§ **Work required**
Below are records with pictures. Reproduce exactly the lines from the line with "Давно нравятся модели-поло" to the line with "Тип: для умывальника, двухвентильный", inclusive, and leave each picture out.

§ **Supplied entries**
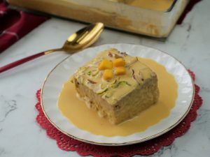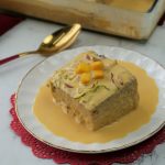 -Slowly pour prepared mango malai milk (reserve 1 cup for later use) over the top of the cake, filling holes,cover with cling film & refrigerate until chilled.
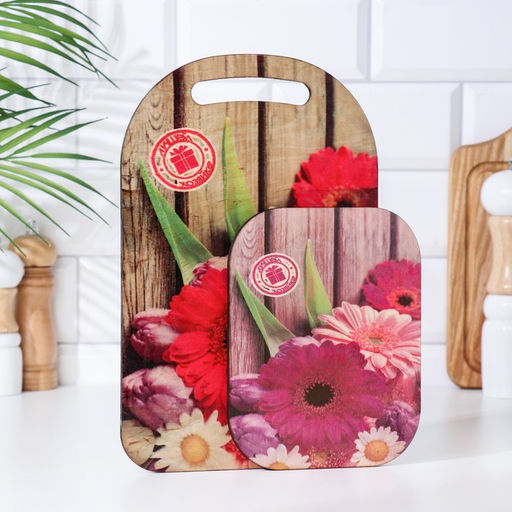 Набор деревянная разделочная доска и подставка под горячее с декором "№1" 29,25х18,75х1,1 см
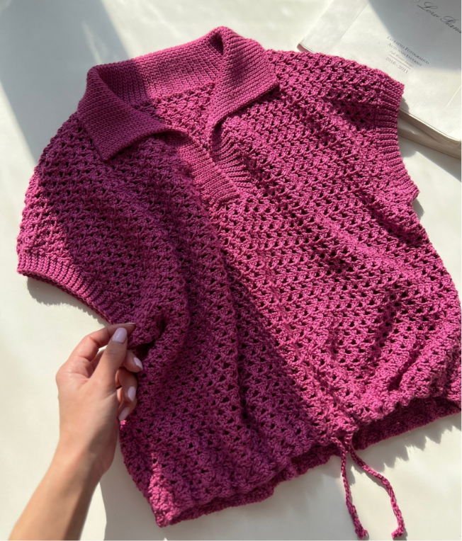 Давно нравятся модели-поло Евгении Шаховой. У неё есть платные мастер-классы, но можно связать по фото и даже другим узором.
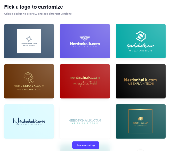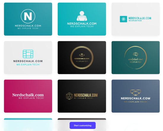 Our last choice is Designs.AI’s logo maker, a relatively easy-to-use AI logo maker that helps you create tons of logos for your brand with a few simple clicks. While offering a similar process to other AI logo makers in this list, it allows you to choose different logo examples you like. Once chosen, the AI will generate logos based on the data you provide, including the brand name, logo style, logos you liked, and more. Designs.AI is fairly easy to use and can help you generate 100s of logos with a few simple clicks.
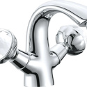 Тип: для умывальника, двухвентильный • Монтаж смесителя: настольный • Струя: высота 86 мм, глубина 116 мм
==
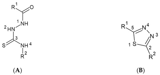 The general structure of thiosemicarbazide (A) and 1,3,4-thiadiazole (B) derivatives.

§ **Solution for this problem**
 Давно нравятся модели-поло Евгении Шаховой. У неё есть платные мастер-классы, но можно связать по фото и даже другим узором.
 Our last choice is Designs.AI’s logo maker, a relatively easy-to-use AI logo maker that helps you create tons of logos for your brand with a few simple clicks. While offering a similar process to other AI logo makers in this list, it allows you to choose different logo examples you like. Once chosen, the AI will generate logos based on the data you provide, including the brand name, logo style, logos you liked, and more. Designs.AI is fairly easy to use and can help you generate 100s of logos with a few simple clicks.
 Тип: для умывальника, двухвентильный • Монтаж смесителя: настольный • Струя: высота 86 мм, глубина 116 мм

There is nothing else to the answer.